Exercise brief. Pictures appear among the records below and must be omitted. Repeat exactly the lines from the line with "将之前煎好的面条均匀铺在菜上" to the line with "这样的涨幅,按照富途证券的数", both included.

Records for this task.

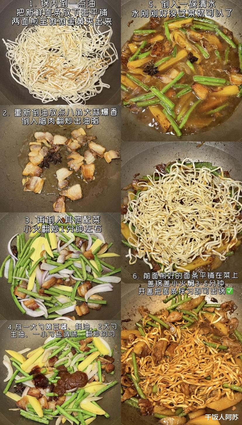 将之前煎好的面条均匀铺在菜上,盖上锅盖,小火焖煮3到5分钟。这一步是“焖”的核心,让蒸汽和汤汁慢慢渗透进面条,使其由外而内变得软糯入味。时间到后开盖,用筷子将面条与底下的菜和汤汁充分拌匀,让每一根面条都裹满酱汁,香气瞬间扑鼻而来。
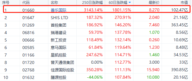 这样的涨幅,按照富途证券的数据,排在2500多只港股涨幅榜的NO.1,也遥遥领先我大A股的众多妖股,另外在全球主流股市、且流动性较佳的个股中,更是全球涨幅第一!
--
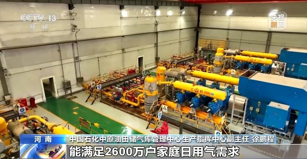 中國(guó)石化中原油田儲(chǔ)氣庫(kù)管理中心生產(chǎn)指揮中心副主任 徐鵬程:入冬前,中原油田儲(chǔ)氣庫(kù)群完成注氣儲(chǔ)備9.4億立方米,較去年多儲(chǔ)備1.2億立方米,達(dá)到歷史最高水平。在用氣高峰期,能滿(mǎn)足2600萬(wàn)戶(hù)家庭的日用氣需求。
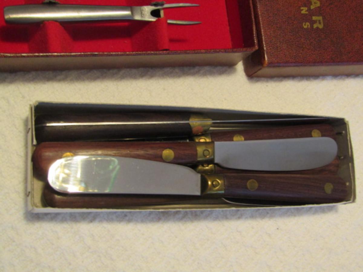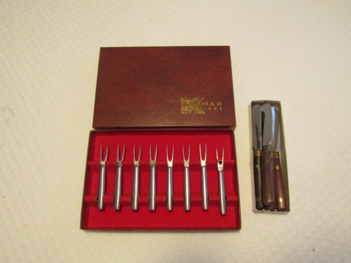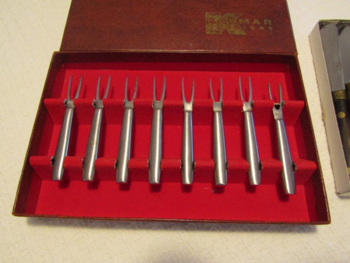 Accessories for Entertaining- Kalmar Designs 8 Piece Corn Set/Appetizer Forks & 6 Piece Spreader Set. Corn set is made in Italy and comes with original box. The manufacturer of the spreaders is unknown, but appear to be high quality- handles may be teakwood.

Result for this task.
 将之前煎好的面条均匀铺在菜上,盖上锅盖,小火焖煮3到5分钟。这一步是“焖”的核心,让蒸汽和汤汁慢慢渗透进面条,使其由外而内变得软糯入味。时间到后开盖,用筷子将面条与底下的菜和汤汁充分拌匀,让每一根面条都裹满酱汁,香气瞬间扑鼻而来。
 这样的涨幅,按照富途证券的数据,排在2500多只港股涨幅榜的NO.1,也遥遥领先我大A股的众多妖股,另外在全球主流股市、且流动性较佳的个股中,更是全球涨幅第一!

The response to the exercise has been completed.